Re: [PATCH 2/3] sched, cgroup: replace signal_struct->group_rwsem with a global percpu_rwsem
From: Zefan Li <hidden>
Date: 2015-05-20 10:06:17
Also in:
lkml
On 2015/5/19 23:51, Tejun Heo wrote:
Hello, Peter. On Tue, May 19, 2015 at 05:16:59PM +0200, Peter Zijlstra wrote:quoted
.gitconfig: [diff "default"] xfuncname = "^[[:alpha:]$_].*[^:]$" Will avoid keying on labels like that and show us this is __cgroup_procs_write().Ah, nice trick.quoted
So my only worry with this patch-set is that these operations will be hugely expensive. Now it looks like the cgroup_update_dfl_csses() thing is very rare, its when you change which controllers are active in a given subtree under the uber-l337-super-comount design. The other one, __cgorup_procs_write() is every /procs, /tasks write to a cgroup, and that does worry me, this could be a somewhat common thing. The Changelog states task migration is a cold path, but is tens of miliseconds per task really no problem?The latency is bound by synchronize_sched_expedited(). Given the way cgroups are used in majority of setups (process migration happening only during service / session setups), I think this should be okay.

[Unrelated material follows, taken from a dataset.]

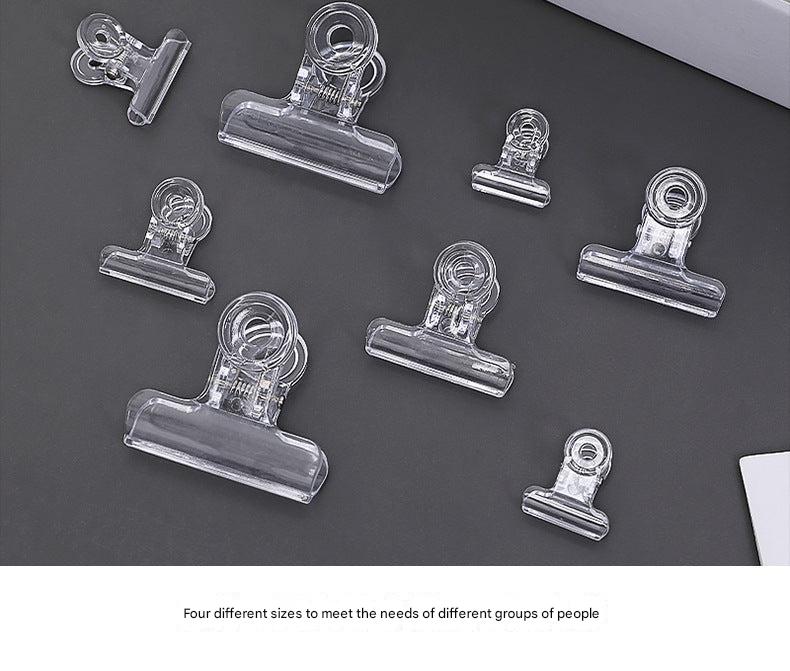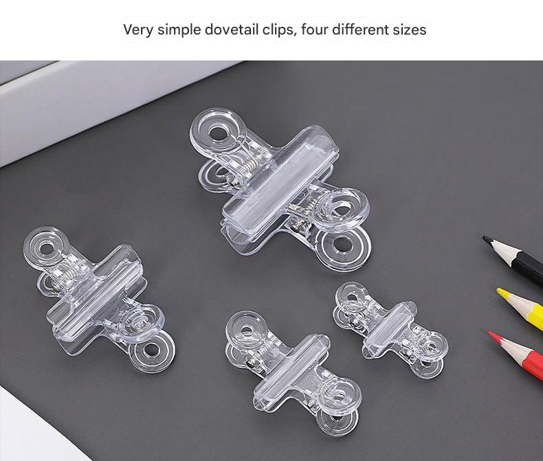 Clear Tail Clip Set - Multipurpose Mini Clamps for School and Office Use, 22mm to 50mm Sizes, Transparent Plastic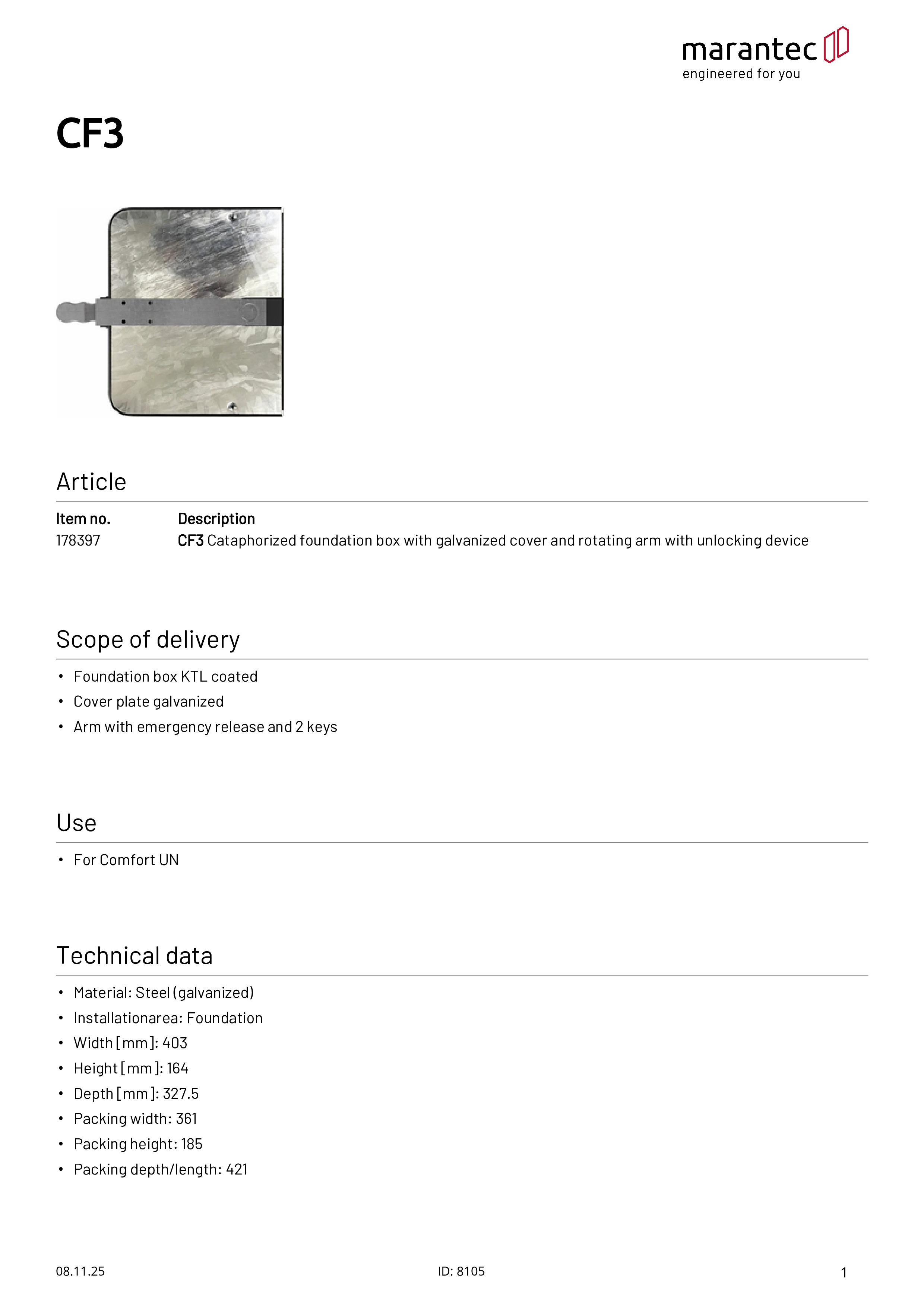 CF3 Fundamentkasten mit Dreharm und Entriegelung für Comfort UN

Actually process migration can happen quite frequently, for example in Android phones, and that's why Google had an out-of-tree patch to remove the synchronize_rcu() in that path, which turned out to be buggy.
I agree that something which is closer to lglock in characteristics would fit the workload better tho. If this actually becomes a problem, we can come up with a different percpu locking scheme which puts a bit more overhead on the reader side to reduce the latency / overhead on the writer side which shouldn't be that difficult but let's see whether we need to get there at all. Thanks.